Share

7. Suara Alfa

Aku bukan Spongebob Squarpants yang selalu semangat tiap pergi ke Krusty Krab. Aku cuma April yang doyan molor di kasur sambil meluk guling. Buat apa pula aku bangun pukul empat pagi cuma buat melamun di kantor tempatku PKL? Toh, aku janjian sama pembimbing pukul delapan. Namun, ibu tetaplah manusia cerewet yang tidak mau anaknya terlambat. Makanya pukul empat pagi dia sudah sibuk nyentilin hidungku supaya aku bangun. 


"Ibu, ini masih pagi. Belum adzan shubuh pula," gumamku masih dalam keadaan mata terpejam.


"Kamu, tuh, sholat tahajud biar dilancarkan kerja pertamanya."
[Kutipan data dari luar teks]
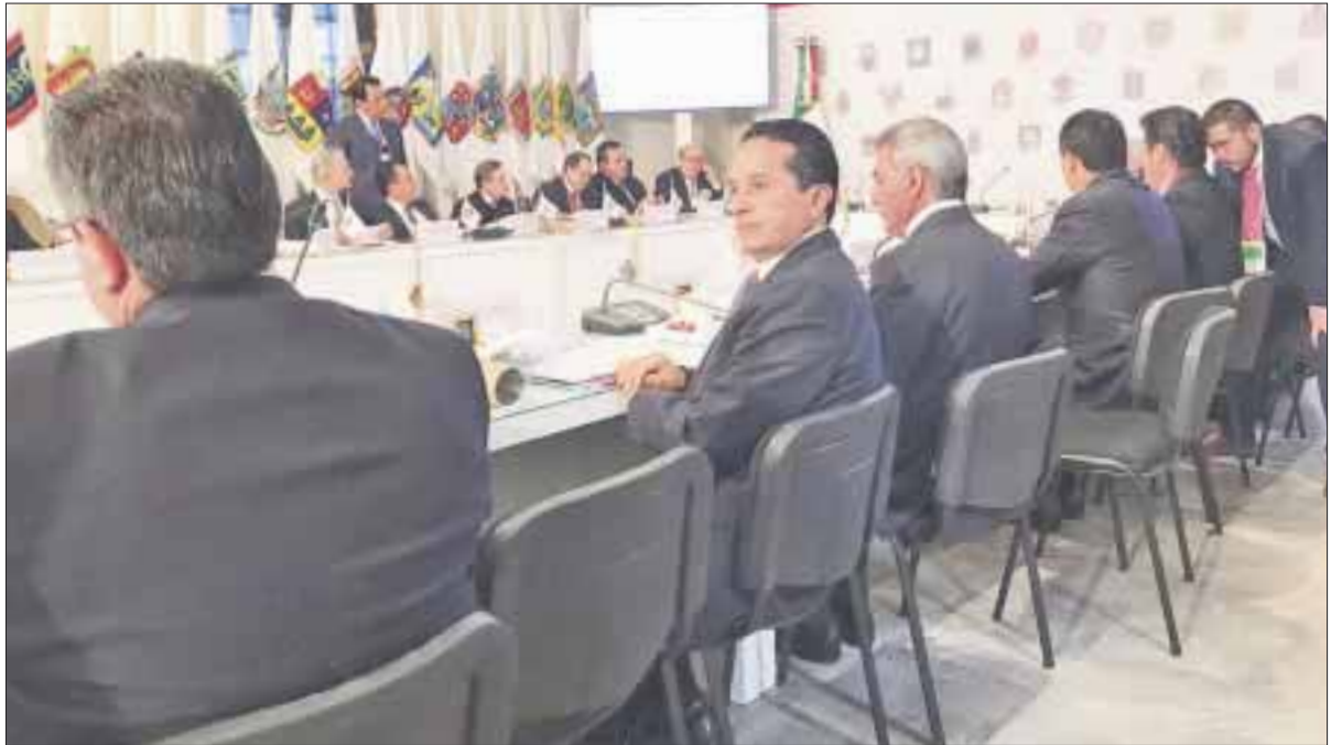
Durante la conferencia, los miembros de la Conago firmaron la Alianza Estratégica para Replicar Políticas Públicas.

Al término de la reunión, el gobernador Carlos Joaquín destacó la importancia de impulsar plataformas digitales que permitan la modernización de los órganos administrativos e impulsar el intercambio de casos de éxito entre los estados que forman parte de la Conferencia Nacional de Gobernadores; lo que se traducirá en combatir la corrupción al lograr simplificar trámites y agilizar gestiones en beneficio de la sociedad.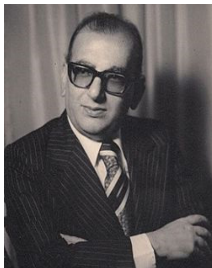
الرئيف شاذل طاقه وزير الخارجية العراقي

٢٠ تشرين الأول عام ١٩٧٤ انتقل الى رحمة الله الكاتب والاديب الرئيف شاذل طاقه وزير الخارجية العراقي في الرياط أثناء حضوره اجتماع وزراء الخارجية العرب وهو أحد رواد الشعر الحر ومن اعلام مدرسة الشعر العربي الحديث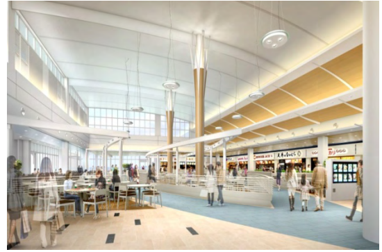
フードコート（イメージ）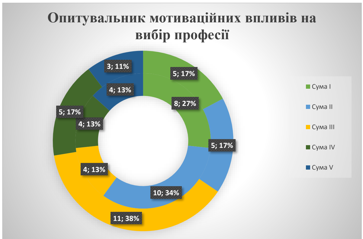
Рис.2.3. Аналіз результатів опитувальника мотиваційних впливів на вибір професії (переклад О. Сидоренко)

Сума V. Інтегративна мотивація. Узгодженість завдань працівника із завданнями фірми: бажання досягати мети, що відповідає інтерналізованим цінностям. Дівчатка (11%), хлопчики (13%).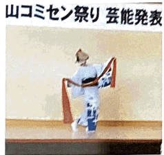
第36回 榎山コミセン祭り 芸能発表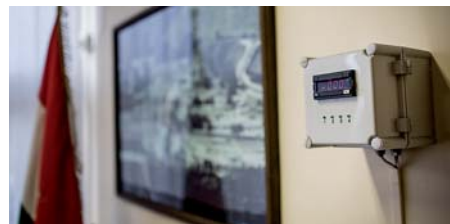
A vezérigazgatói irodában egy mérőórán évtizedekig követhető volt a megtermelt áram mennyisége.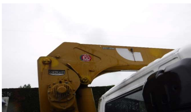
⑦小型移動式クレーン特定自主検査(有効期限 2020年5月期限切れ)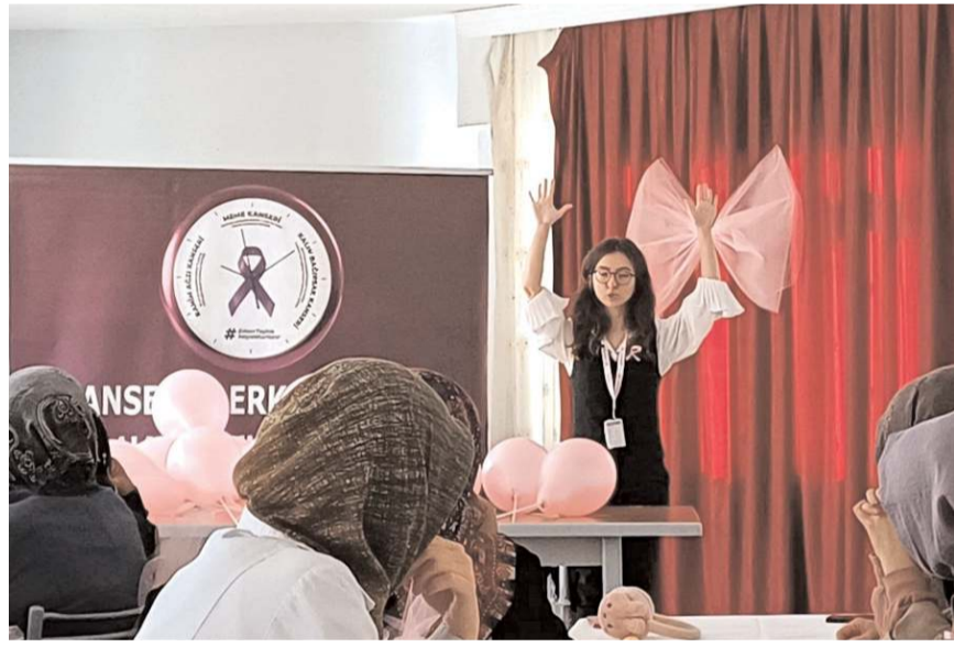
Eğitim Oğuzlar Toplum Sağlığı Merkezi tarafından düzenlendi.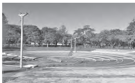
全国に誇る整備が期待される相撲場

教育長 9月1日の関係団体との意見交換会で、建設場所は現在地が妥当とされ、規模等は屋根の大きさや形など様々な意見を頂いています。今後さらに協議を深め、今年度末までに基本計画を策定したいと考えています。

"Di sana aku mau belajar kerja bukan kerja beneran. Aku doanya nanti aja, Bu, pas shubuh."


"Kamu, tuh ...."


"Udah, Bu, sejam lagi ini waktu tidurku. Ibu mau aku ngantuk di meja kerja?"


Mendengar itu, ibu langsung keluar kamar dan berisik nyalain air di kamar mandi. Huasyem, bener. Dapur tiba-tiba disulap jadi pertunjukkan orkestra. Suara air keran dan ulekan yang beradu menjadi pengiring tidurku. Ditambah radio yang menyiarkan musik silat dengan terompet penari ular. Tenggelamkan aku di Danau Kaspia, please!


Belum hilang kekesalanku, kini bunyi ponsel di atas kepalaku juga ikut meraung-raung. Ya Salam, apa salah dan dosaku? Pagi-pagi sudah banyak yang ganggu! 


Kuraih ponsel laknat yang nggak berhenti bernyanyi itu. Mataku langsung melotot nyaris keluar dari sarangnya. 


Alfa's calling


Dengan ragu-ragu kujawab panggilannya. 


"Hallo," sapaku dengan suara serak khas bangun tidur. 


"Entah ini anugerah atau cobaan," jawabnya di seberang sana. Suara Alfa itu adem bener. Lembut-lembut gimana gitu. Kayak sutra. 


Ini kali pertama dia meneleponku. Berani sekali. Padahal kita baru kenal lima hari. Sudah kubilang kita ini memang seperti teman lama yang baru saja dipertemukan setelah sekian lama terpisahkan. Alfa itu kayak Agis--teman SMP-ku. Dia orangnya asyik. Namun, kadang menyebalkan juga. Info terbaru yang kudapat setelah mengecek facebook-nya yang bernama Rahasia itu ternyata dia orang Majalengka. Menurut Maps, rumahnya kira-kira sekitar Yogya Grand Majalengka. Nggak ada foto sama sekali di berandanya. Jadi, aku masih belum yakin kalau Alfa ini cowok. 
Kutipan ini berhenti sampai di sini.